5 Essential CNY greetings to get you through this new year

5 Essential CNY greetings to get you through this new year

For a banana like myself, my mind can sometimes take a vacation when I go house visits to relatives. Creating this article hopefully helps me and those struggling people out there go through CNY without stirring up more anger than is needed in samsara

If you are an expat/ mountain turtle who nearly wore black to their colleague’s house for CNY, this article will help you impress your hosts too. I have weaved in some Dhamma verses to add further flavour to these greetings. Here we go!

1. 新年快乐 (Xīn Nián Kuài Lè) 

This is the classic greeting which means “Happy New Year” and is ‘deployed’ at the host’s door with two oranges.

Interestingly, the Dhamma teachings focus on the day-to-day, a deeper level of greeting and practice. HH Dalai Lama contemplates:

“Every day, think as you wake up, today I am fortunate to be alive, I have a precious human life, and I am not going to waste it. I am going to use all my energies to develop myself, to expand my heart out to others; to achieve enlightenment for the benefit of all beings.”

We might feel that 2023 will be a year of great uncertainty given the slew of layoffs. But we use such greetings to remind us of the positive possibilities each day and year might bring.

2. 步步高升 (Bù Bù Gāo Shēng)

This greeting means “to ascend higher with each step”. It wishes the other person progress in whatever they do and set their mind towards.

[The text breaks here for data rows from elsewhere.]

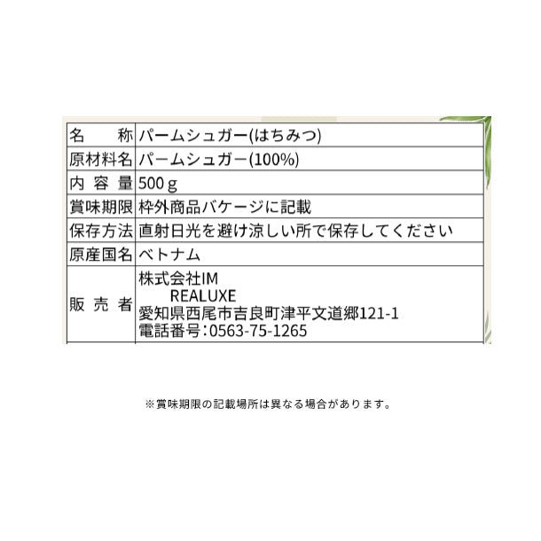 「パ-ムシュガー はちみつ」500g
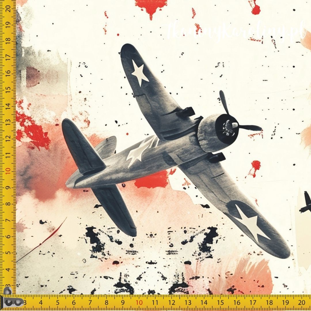 WELUR TAPICERSKI Wojskowy - samoloty na obrazie olejnym w to warzystwie czarnych rozprysków [6-8]
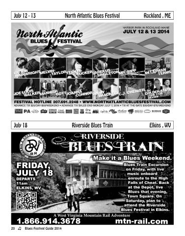 July 12 - 13 North atlantic Blues Festival rockland , me July 18 riverside Blues train elkins , Wv 20 Blues Festival Guide 2014
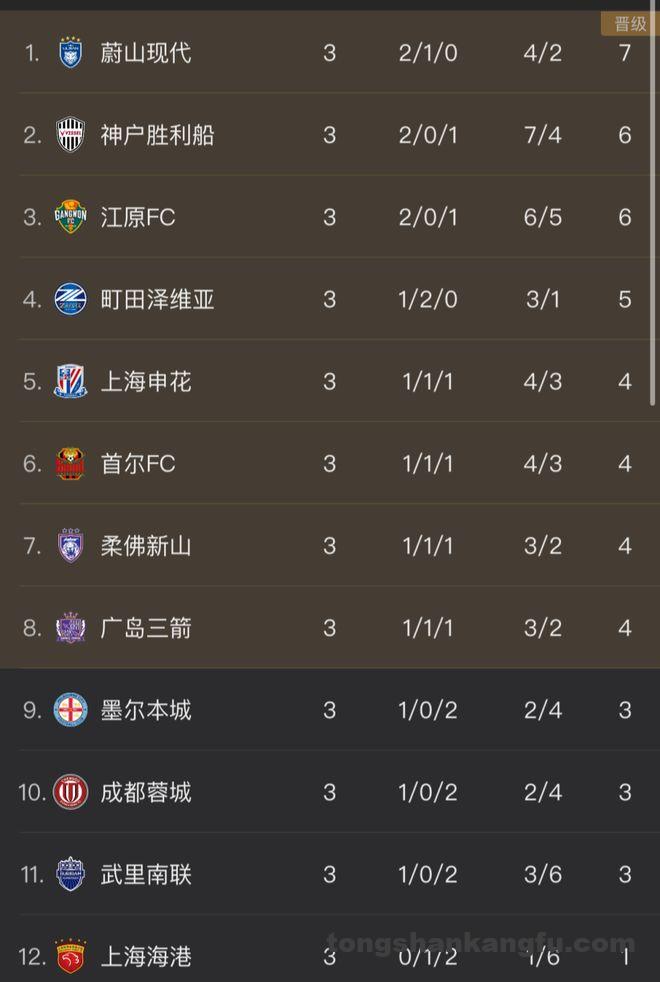 3轮战罢,申花1胜1平1负积4分,升至积分榜第5位。而成都蓉城则是1胜2负积3分跌入淘汰区,海港作为目前东亚区唯一0胜的球队,以1平2负积1分排名积分榜垫底。
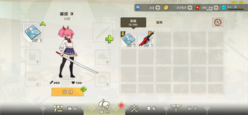 4、进到游戏中心以后,点一下角色武器装备,开展武器,能增加角色战斗能力;
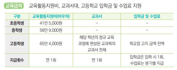 1) 구분 / 교육활동 지원비(바우처) / 교과서 입학금 및 수업료
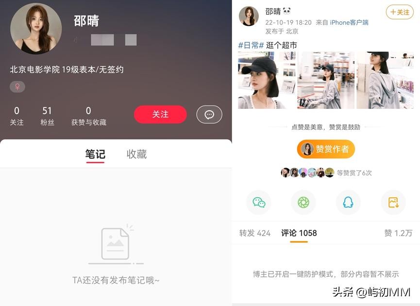 邵晴的账号已经开启防护模式,其他社交账号也已经清空内容。
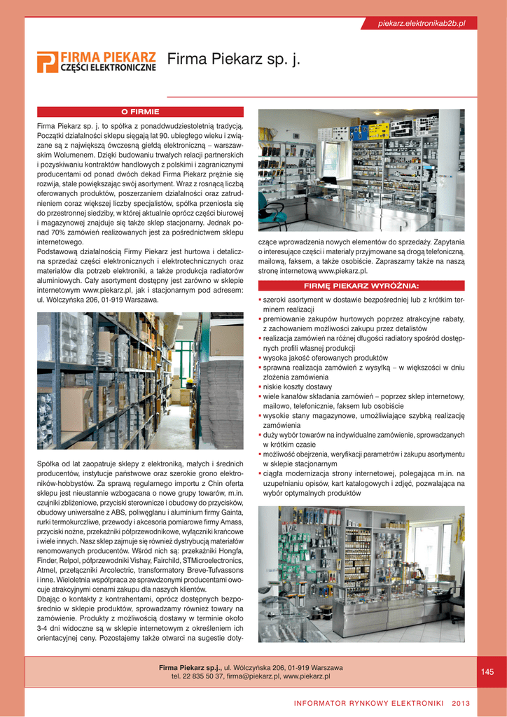 piekarz.elektronikab2b.pl Firma Piekarz sp. j. O FIRMIE Firma Piekarz sp. j. to spółka z ponaddwudziestoletnią tradycją. Początki działalności sklepu sięgają lat 90. ubiegłego wieku izwiązane są znajwiększą ówczesną giełdą elektroniczną – warszawskim Wolumenem. Dzięki budowaniu trwałych relacji partnerskich ipozyskiwaniu kontraktów handlowych zpolskimi izagranicznymi producentami od ponad dwóch dekad Firma Piekarz prężnie się rozwija, stale powiększając swój asortyment. Wraz zrosnącą liczbą oferowanych produktów, poszerzaniem działalności oraz zatrudnieniem coraz większej liczby specjalistów, spółka przeniosła się do przestronnej siedziby, wktórej aktualnie oprócz części biurowej imagazynowej znajduje się także sklep stacjonarny. Jednak ponad 70% zamówień realizowanych jest za pośrednictwem sklepu internetowego. Podstawową działalnością Firmy Piekarz jest hurtowa i detaliczna sprzedaż części elektronicznych i elektrotechnicznych oraz materiałów dla potrzeb elektroniki, a także produkcja radiatorów aluminiowych. Cały asortyment dostępny jest zarówno wsklepie internetowym www.piekarz.pl, jak i stacjonarnym pod adresem: ul. Wólczyńska 206, 01-919 Warszawa. Spółka od lat zaopatruje sklepy zelektroniką, małych iśrednich producentów, instytucje państwowe oraz szerokie grono elektroników-hobbystów. Za sprawą regularnego importu zChin oferta sklepu jest nieustannie wzbogacana onowe grupy towarów, m.in. czujniki zbliżeniowe, przyciski sterownicze iobudowy do przycisków, obudowy uniwersalne zABS, poliwęglanu ialuminium firmy Gainta, rurki termokurczliwe, przewody iakcesoria pomiarowe firmy Amass, przyciski nożne, przekaźniki półprzewodnikowe, wyłączniki krańcowe iwiele innych. Nasz sklep zajmuje się również dystrybucją materiałów renomowanych producentów. Wśród nich są: przekaźniki Hongfa, Finder, Relpol, półprzewodniki Vishay, Fairchild, STMicroelectronics, Atmel, przełączniki Arcolectric, transformatory Breve-Tufvassons iinne. Wieloletnia współpraca ze sprawdzonymi producentami owocuje atrakcyjnymi cenami zakupu dla naszych klientów. Dbając o kontakty z kontrahentami, oprócz dostępnych bezpośrednio w sklepie produktów, sprowadzamy również towary na zamówienie. Produkty z możliwością dostawy w terminie około 3-4 dni widoczne są w sklepie internetowym z określeniem ich orientacyjnej ceny. Pozostajemy także otwarci na sugestie doty- czące wprowadzenia nowych elementów do sprzedaży. Zapytania ointeresujące części imateriały przyjmowane są drogą telefoniczną, mailową, faksem, atakże osobiście. Zapraszamy także na naszą stronę internetową www.piekarz.pl. FIRMĘ PIEKARZ WYRÓŻNIA: szeroki asortyment wdostawie bezpośredniej lub zkrótkim terminem realizacji premiowanie zakupów hurtowych poprzez atrakcyjne rabaty, zzachowaniem możliwości zakupu przez detalistów realizacja zamówień na różnej długości radiatory spośród dostępnych profili własnej produkcji wysoka jakość oferowanych produktów sprawna realizacja zamówień zwysyłką – wwiększości wdniu złożenia zamówienia niskie koszty dostawy wiele kanałów składania zamówień – poprzez sklep internetowy, mailowo, telefonicznie, faksem lub osobiście wysokie stany magazynowe, umożliwiające szybką realizację zamówienia duży wybór towarów na indywidualne zamówienie, sprowadzanych wkrótkim czasie możliwość obejrzenia, weryfikacji parametrów izakupu asortymentu wsklepie stacjonarnym ciągła modernizacja strony internetowej, polegająca m.in. na uzupełnianiu opisów, kart katalogowych izdjęć, pozwalająca na wybór optymalnych produktów Firma Piekarz sp.j., ul. Wólczyńska 206, 01-919 Warszawa tel. 22 835 50 37, fi[email protected], www.piekarz.pl I N F O R M AT O R R Y N KO W Y E L E K T R O N I K I 145 2013
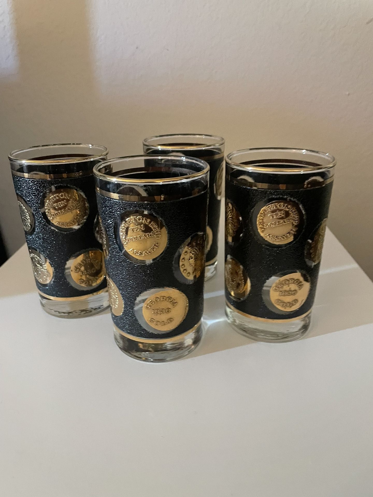MCM Vintage Libbey Mid Century High Ball Glasses Gold Coin Black & Gold Set of 4
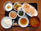 ごはん、味噌汁(ワカメ、あげ、おふ、長ネギ)、揚げギョーザ、かぼちゃいとこ煮、玉子焼き、白うり醤油漬け、フルーツ:リンゴコンポート(レーズン入) |
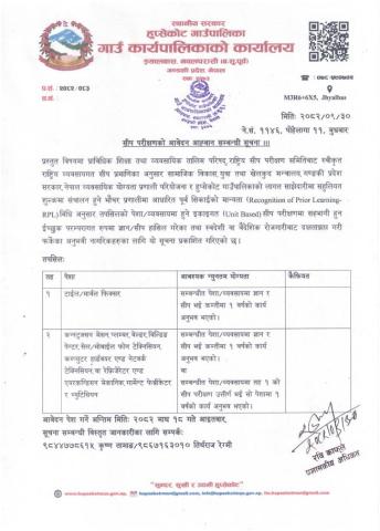 न्युनतम रोजगारीमा संलग्न हुनको लागि निवेदन दिने म्याद थप गरिएको सूचना ।
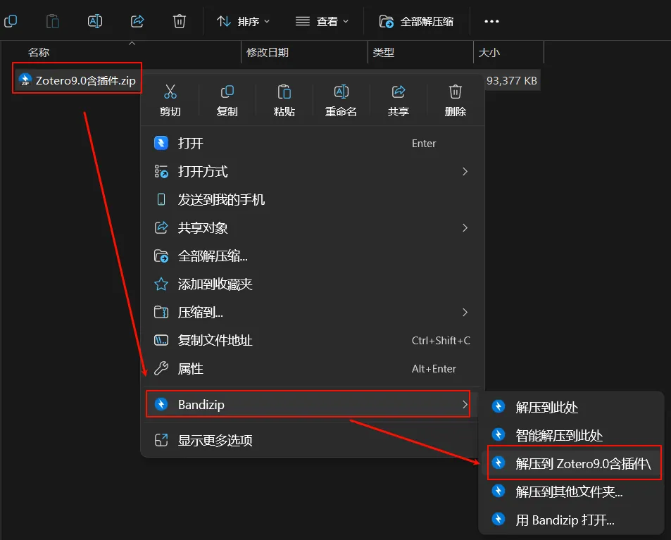1.选中下载好的安装包,鼠标右键解压到“Zotero9.0含插件”文件夹
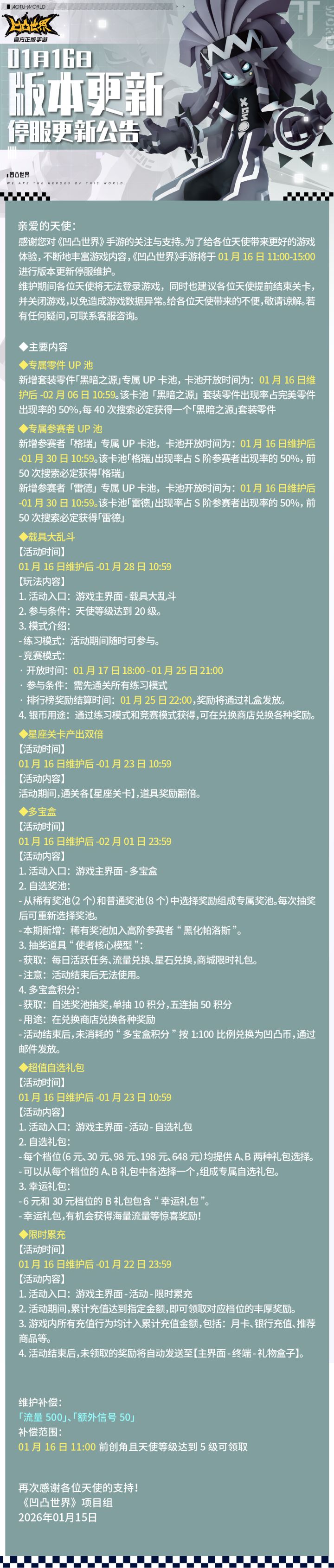 亲爱的天使:感谢您对《凹凸世界》手游的关注与支持。为了给各位天使带来更好的游戏体验,不断地丰富游戏内容,《凹凸世界》手游将于1月16日11:00-15:00进行停服维护。维护期间各位天使将无法登录游戏,同时也建议各位天使提前结束关卡,并关闭游戏,以免造成游戏数据异常。给各位天使带来的的不便,敬请谅解。若有任何疑问,可联系客服咨询。如遇问题可加入官方QQ交流3群(538504762)携带截图联系
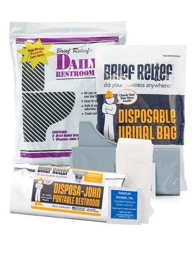 The Brief Relief™ brand Disposa-John™ pouch is a complete, mobile, private lavatory for people on the go.

The Buddha last words were ‘Strive on with diligence’ as he left his disciples. This meant going forward with the practice despite the adversities faced on the path. We sometimes ask ‘How do I know if I am progressing on the path as a Buddhist?’. Ajahn Brahm, a famous monk from Australia, talks about checking if we are gradually letting go of Greed, Hatred, and Delusion within us as a marker of progress.

To progress. We must let go.

3. 年年有余 (Nián Nián Yǒu Yú)

This greeting is a word play with the Chinese words “余” (yú) which sounds like identical to “鱼” (yú).

“”余” (yú) forms the phrase “剩余”, which translates to abundance. The second “鱼” (yú) means “fish” which is commonly an auspicious symbol in Chinese customs

So you are greeting the person with multiple abundance every year!

Buddha talked about blessings in the Mangala Sutta which we can associate with the idea of abundance (having enough). 

“Not to associate with the unwise, but to associate with the wise, and to honour those who are worthy of honour — this is the greatest blessing.

To reside in a suitable locality, to have done meritorious actions in the past and to set oneself on the right course — this is the greatest blessing.”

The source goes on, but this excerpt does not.